Top of TASK INPUTS

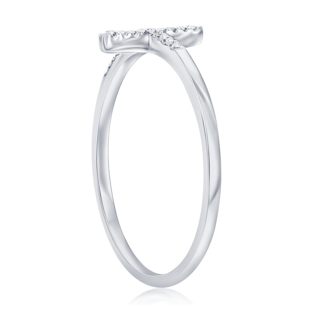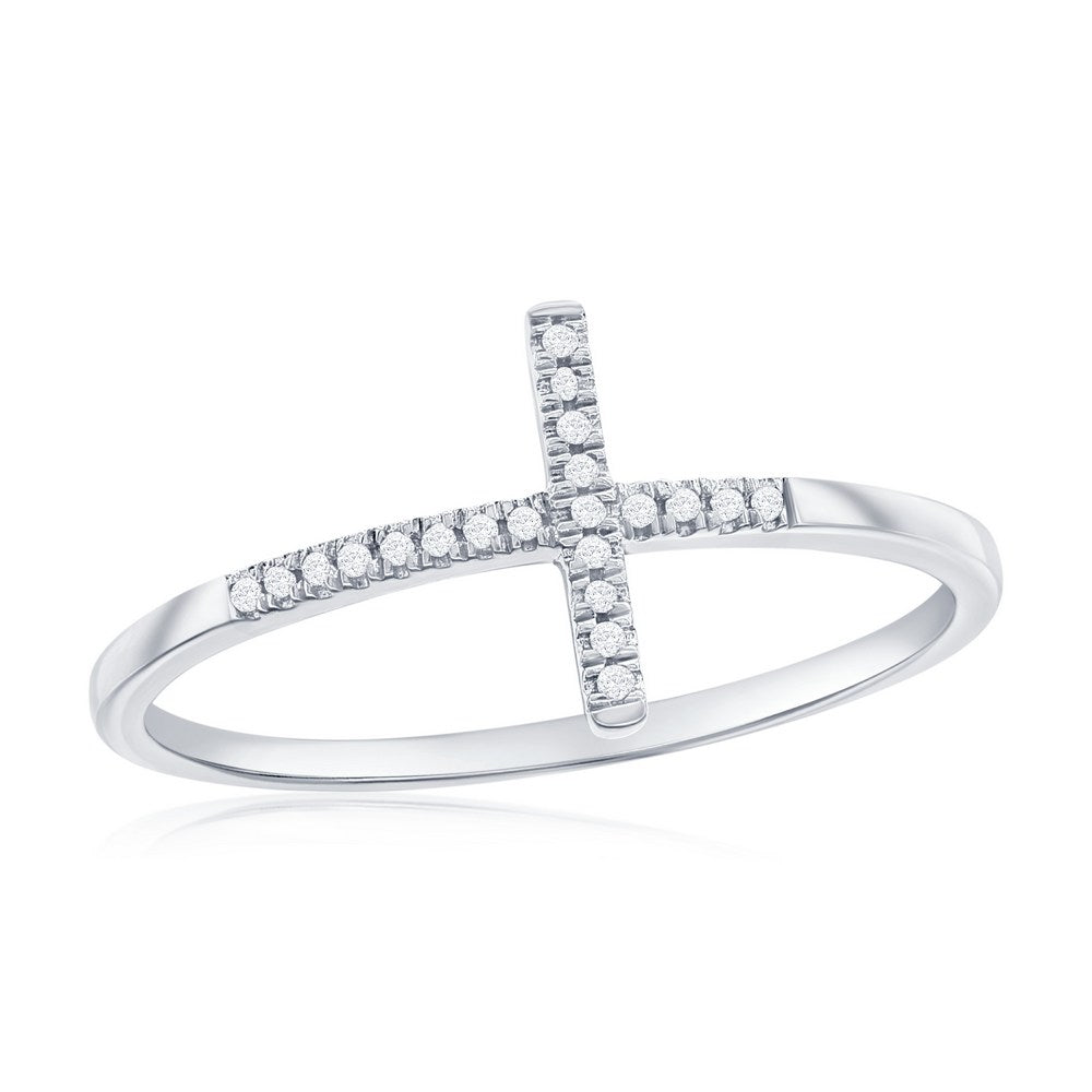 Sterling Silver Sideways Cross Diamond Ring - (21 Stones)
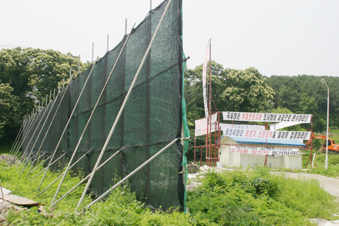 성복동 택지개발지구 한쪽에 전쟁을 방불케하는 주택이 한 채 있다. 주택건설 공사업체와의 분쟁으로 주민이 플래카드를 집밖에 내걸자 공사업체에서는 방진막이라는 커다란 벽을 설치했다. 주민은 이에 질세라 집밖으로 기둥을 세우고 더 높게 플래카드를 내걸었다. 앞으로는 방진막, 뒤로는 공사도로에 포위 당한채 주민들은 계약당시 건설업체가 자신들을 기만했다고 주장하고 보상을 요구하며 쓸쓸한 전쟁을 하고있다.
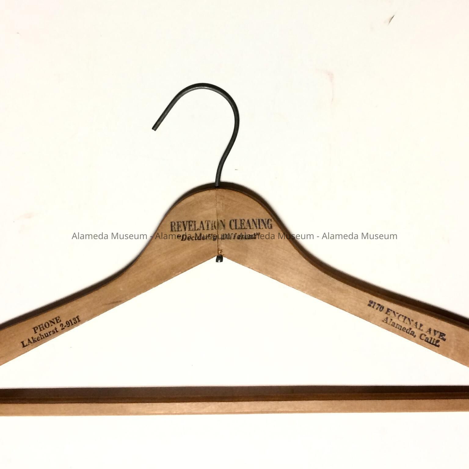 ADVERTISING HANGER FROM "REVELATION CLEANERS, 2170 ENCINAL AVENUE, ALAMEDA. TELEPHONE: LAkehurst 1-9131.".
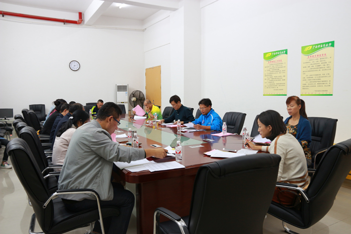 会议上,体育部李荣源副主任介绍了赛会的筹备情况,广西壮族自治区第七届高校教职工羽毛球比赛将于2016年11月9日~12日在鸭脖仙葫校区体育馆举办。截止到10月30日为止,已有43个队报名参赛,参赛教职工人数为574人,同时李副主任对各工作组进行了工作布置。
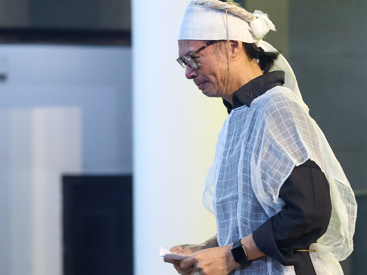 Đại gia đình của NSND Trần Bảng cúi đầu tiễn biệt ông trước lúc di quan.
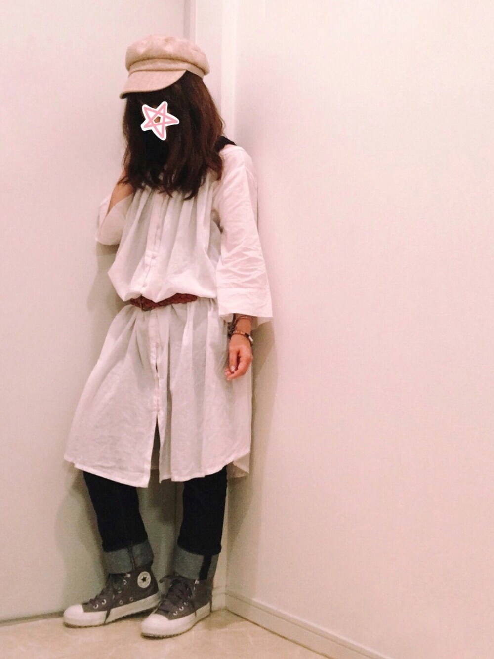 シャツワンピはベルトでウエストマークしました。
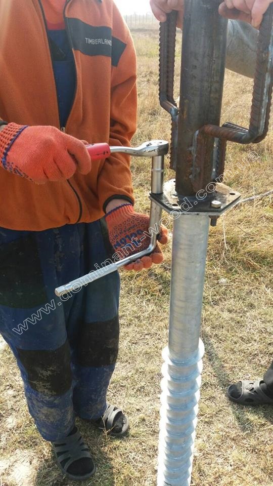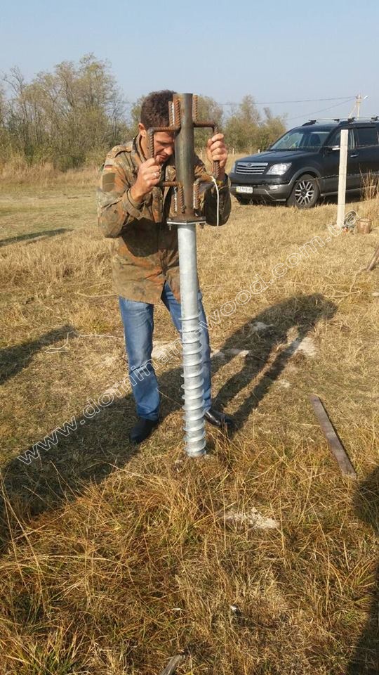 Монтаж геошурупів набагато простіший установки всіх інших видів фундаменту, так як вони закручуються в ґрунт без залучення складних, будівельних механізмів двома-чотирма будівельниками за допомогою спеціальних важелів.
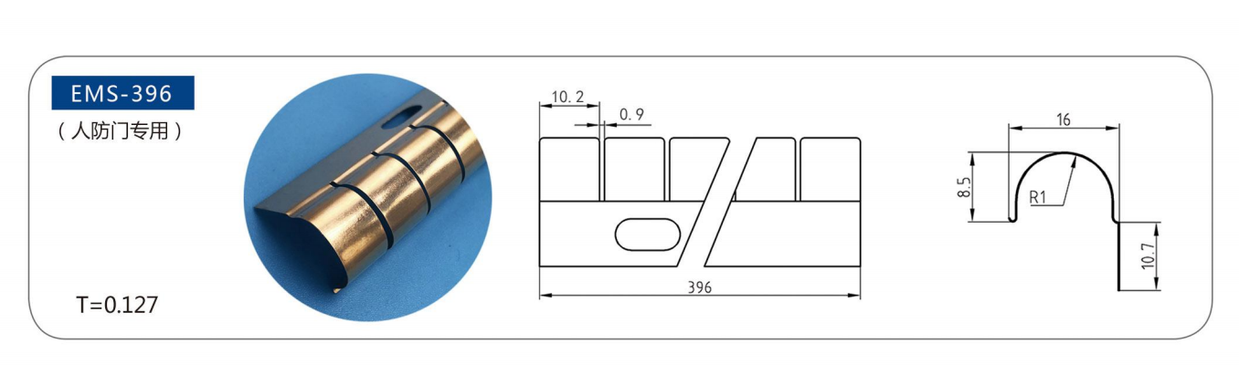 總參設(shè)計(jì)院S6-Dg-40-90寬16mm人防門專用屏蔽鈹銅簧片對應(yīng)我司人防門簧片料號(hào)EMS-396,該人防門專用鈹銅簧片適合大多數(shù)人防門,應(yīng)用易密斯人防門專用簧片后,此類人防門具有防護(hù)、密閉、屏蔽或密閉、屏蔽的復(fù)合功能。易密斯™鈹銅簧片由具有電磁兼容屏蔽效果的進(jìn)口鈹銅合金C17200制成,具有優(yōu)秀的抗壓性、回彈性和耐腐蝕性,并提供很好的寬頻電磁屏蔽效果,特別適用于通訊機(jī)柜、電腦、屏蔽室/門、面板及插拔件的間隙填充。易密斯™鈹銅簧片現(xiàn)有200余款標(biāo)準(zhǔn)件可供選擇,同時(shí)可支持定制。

Bottom of TASK INPUTS
Top of TASK INPUTS

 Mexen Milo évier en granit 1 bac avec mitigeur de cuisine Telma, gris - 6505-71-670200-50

Bottom of TASK INPUTS

▶ WORK TO BE COMPLETED
Because only one stretch of the records is wanted, please output the lines from the one holding "会议上,体育部李荣源副主任介" through the one holding "Монтаж геошурупів набагато" exactly, both included, and leave every picture out.

▶ EXERCISE RESPONSE
 会议上,体育部李荣源副主任介绍了赛会的筹备情况,广西壮族自治区第七届高校教职工羽毛球比赛将于2016年11月9日~12日在鸭脖仙葫校区体育馆举办。截止到10月30日为止,已有43个队报名参赛,参赛教职工人数为574人,同时李副主任对各工作组进行了工作布置。
 Đại gia đình của NSND Trần Bảng cúi đầu tiễn biệt ông trước lúc di quan.
 シャツワンピはベルトでウエストマークしました。
 Монтаж геошурупів набагато простіший установки всіх інших видів фундаменту, так як вони закручуються в ґрунт без залучення складних, будівельних механізмів двома-чотирма будівельниками за допомогою спеціальних важелів.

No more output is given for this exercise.